Perform 2-D layernorm on with source input tensor and result output tensor.

This function computes layernorm on given 2D-tensor.

Parameters:
  • datatype[in] Datatype of input/output tensor, currently support HIP_R_32F only.

  • output[out] output tensor buffer. can’t be nullptr.

  • mean[out] tensor buffer. can’t be nullptr.

  • invvar[out] tensor buffer. 1 / sqrt(std). can’t be nullptr.

  • input[in] tensor buffer. can’t be nullptr.

  • m[in] The first dimension of input/output tensor.

  • n[in] The second dimension of input/output tensor.

  • eps[in] for sqrt to avoid inf value.

  • gamma[in] tensor buffer. nullptr means calculation doesn’t involve gamma.

  • beta[in] tensor buffer. nullptr means calculation doesn’t involve beta.

  • stream[in] The HIP stream where all the GPU work will be submitted.

Return values:
  • HIPBLAS_STATUS_SUCCESS – If it runs successfully.

  • HIPBLAS_STATUS_INVALID_VALUE – If m is greater than 4096.

  • HIPBLAS_STATUS_NOT_SUPPORTED – if datatype is not HIP_R_32F.

hipblasltExtAMax()#

hipblasStatus_t hipblasltExtAMax(const hipDataType datatype, const hipDataType outDatatype, void *output, void *input, uint32_t m, uint32_t n, hipStream_t stream)#

Perform absmax on given 2-D tensor and output one value absmax(tensor) value.

This function computes amax on given 2D-tensor.

Parameters:
  • datatype[in] Datatype of input tensor, currently support HIP_R_32F and HIP_R_16F only.

  • outDatatype[in] Datatype of output tensor, currently support HIP_R_32F and HIP_R_16F only.

  • output[out] Amax tensor buffer. can’t be nullptr.

  • input[in] 2-D tensor buffer. can’t be nullptr.

  • m[in] The first dimension of input/output tensor.

  • n[in] The second dimension of input/output tensor.

  • stream[in] The HIP stream where all the GPU work will be submitted.

Return values:
  • HIPBLAS_STATUS_SUCCESS – If it runs successfully.

  • HIPBLAS_STATUS_INVALID_VALUE – If m or n is 0, or input or output is nullptr.

  • HIPBLAS_STATUS_NOT_SUPPORTED – If datatype is not (HIP_R_32F or HIP_R_16F).

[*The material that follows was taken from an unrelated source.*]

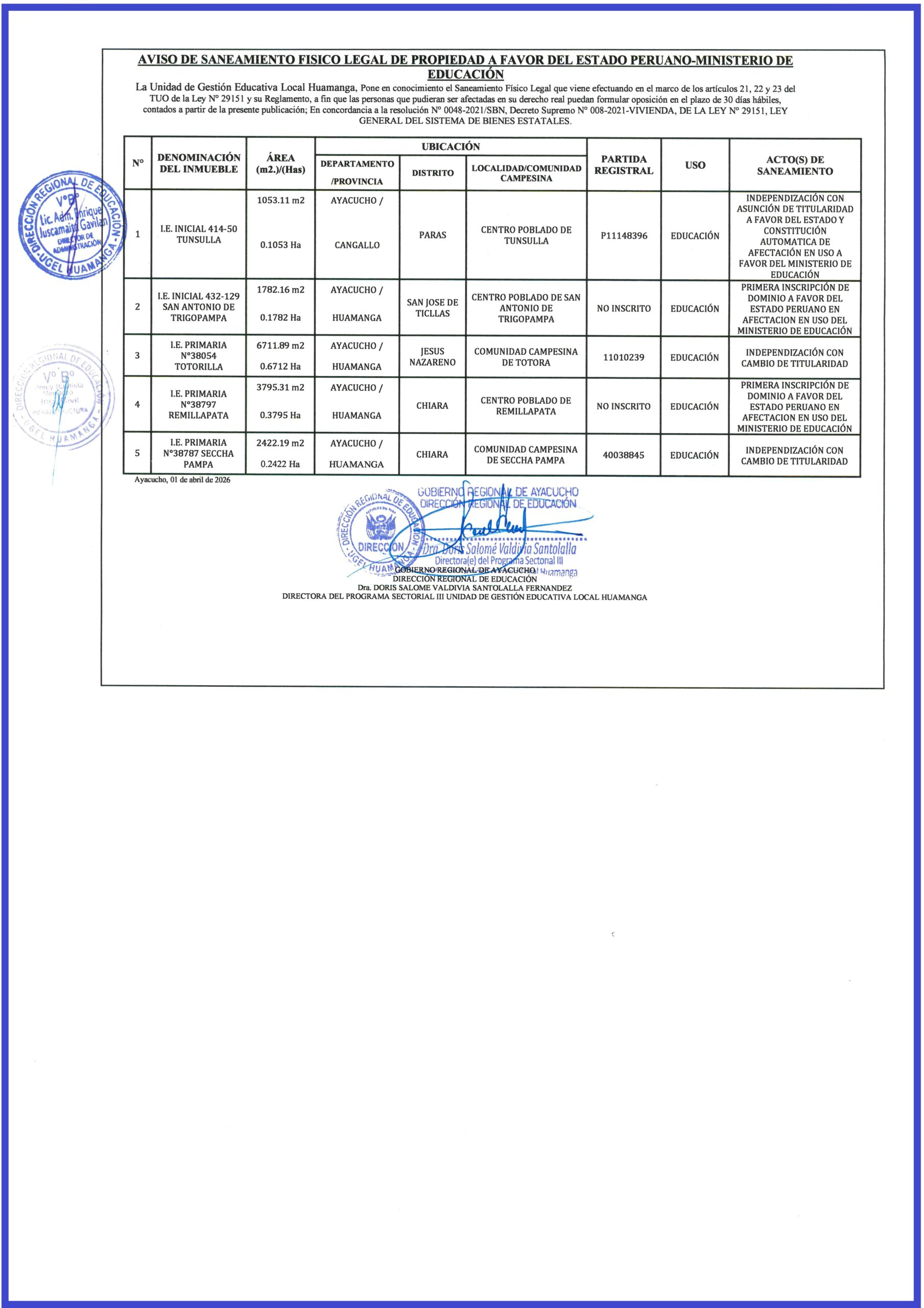 AVISO DE SANEAMIENTO FISICO LEGAL DE PROPIEDAD A FAVOR DEL ESTADO PERUANO – MINEDU

hipblasltExtAMaxWithScale()#

hipblasStatus_t hipblasltExtAMaxWithScale(const hipDataType datatype, const hipDataType outDatatype, const hipDataType scaleDatatype, void *output, void *outputD, void *input, void *inputScale, uint32_t m, uint32_t n, hipStream_t stream)#

Perform absmax and scaling on given 2-D tensor. Generate one absmax value and scaled 2-D tensor output.

This function computes amax and scaling on given 2D-tensor.

Parameters:
  • datatype[in] Datatype of input tensor, currently support HIP_R_32F only.

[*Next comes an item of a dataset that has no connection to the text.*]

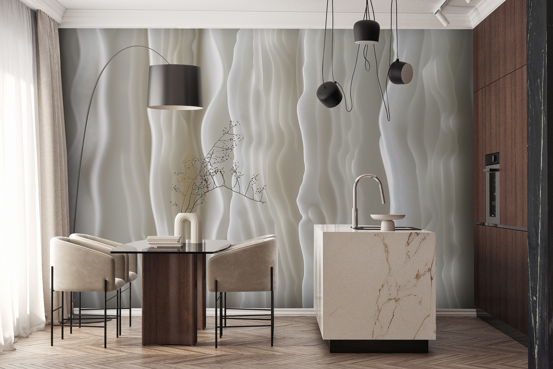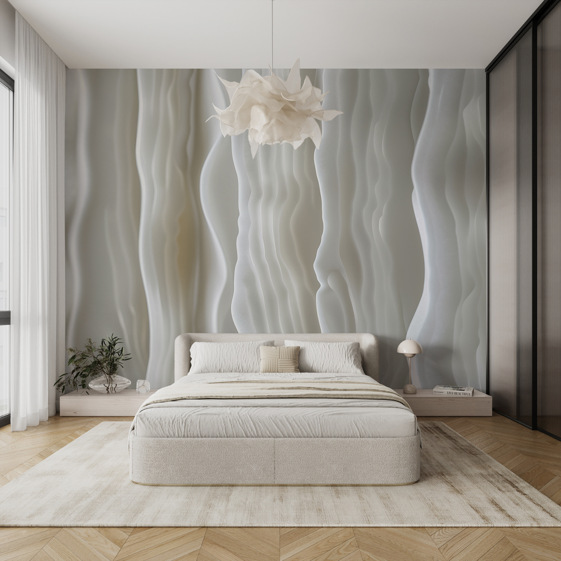 Imaginați-vă că pășiți într-o cameră în care pereții par să se unduiască precum o briză blândă pe o mare calmă. Faceți cunoștință cu pictura murală “Undulating White” – un dans uimitor de valuri abstracte moi care transformă orice spațiu într-o oază modernă. Aceste linii curgătoare! Adaugă profunzime și o liniște aproape magică. Perfectă pentru un colțișor confortabil sau pentru noul birou elegant, aceasta șoptește rafinament cu o notă de fantezie. Este ca și cum ai avea o mini galerie de artă chiar la tine acasă. Prietenii ar putea chiar să vă întrebe: “Ați remodelat?” Doar zâmbiți și lăsați valurile să vorbească.

  • outDatatype[in] Datatype of output tensor, currently support HIP_R_32F and HIP_R_16F only.

  • scaleDatatype[in] Datatype of outputD tensor, currently support HIP_R_8F_E4M3_FNUZ and HIP_R_8F_E5M2_FNUZ only.

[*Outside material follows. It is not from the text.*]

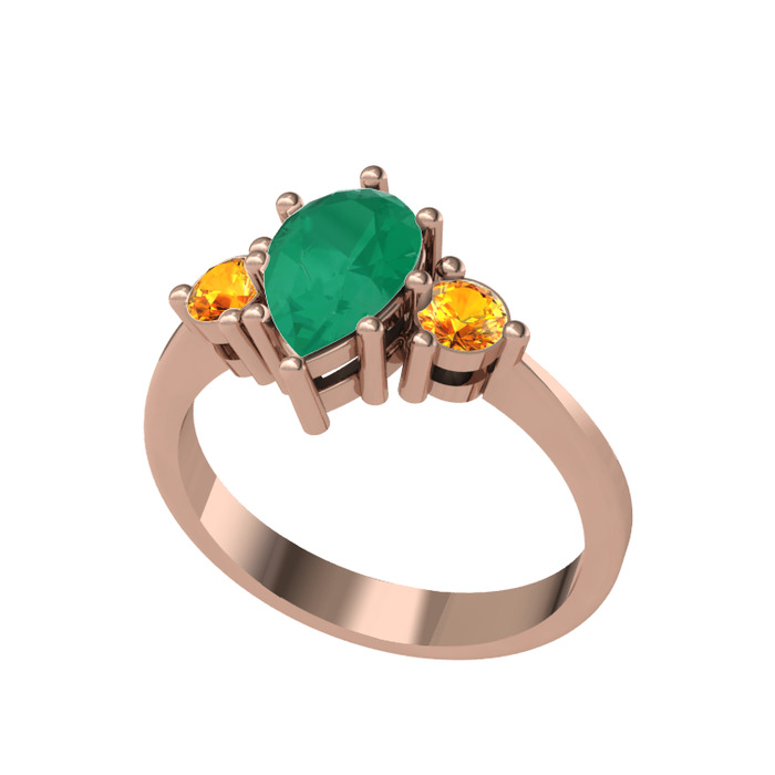 Kök zümrüt ve sitrin 14 ayar rose altın yüzük

  • output[out] Amax tensor buffer. can’t be nullptr.

  • outputD[out] scaled 2-D tensor buffer. can’t be nullptr.

  • input[in] 2-D tensor buffer. can’t be nullptr.

  • inputScale[in] 1-D tensor buffer. can’t be nullptr. only support float.

  • m[in] The first dimension of input/output tensor.

  • n[in] The second dimension of input/output tensor.

  • stream[in] The HIP stream where all the GPU work will be submitted.

Return values:
  • HIPBLAS_STATUS_SUCCESS – If it runs successfully.

  • HIPBLAS_STATUS_INVALID_VALUE – If m or n is 0, or input, inputScale, output, or outputD is nullptr.

  • HIPBLAS_STATUS_NOT_SUPPORTED – If datatype is not HIP_R_32F, or scaleDatatype is not HIP_R_8F_E4M3_FNUZ or HIP_R_8F_E5M2_FNUZ.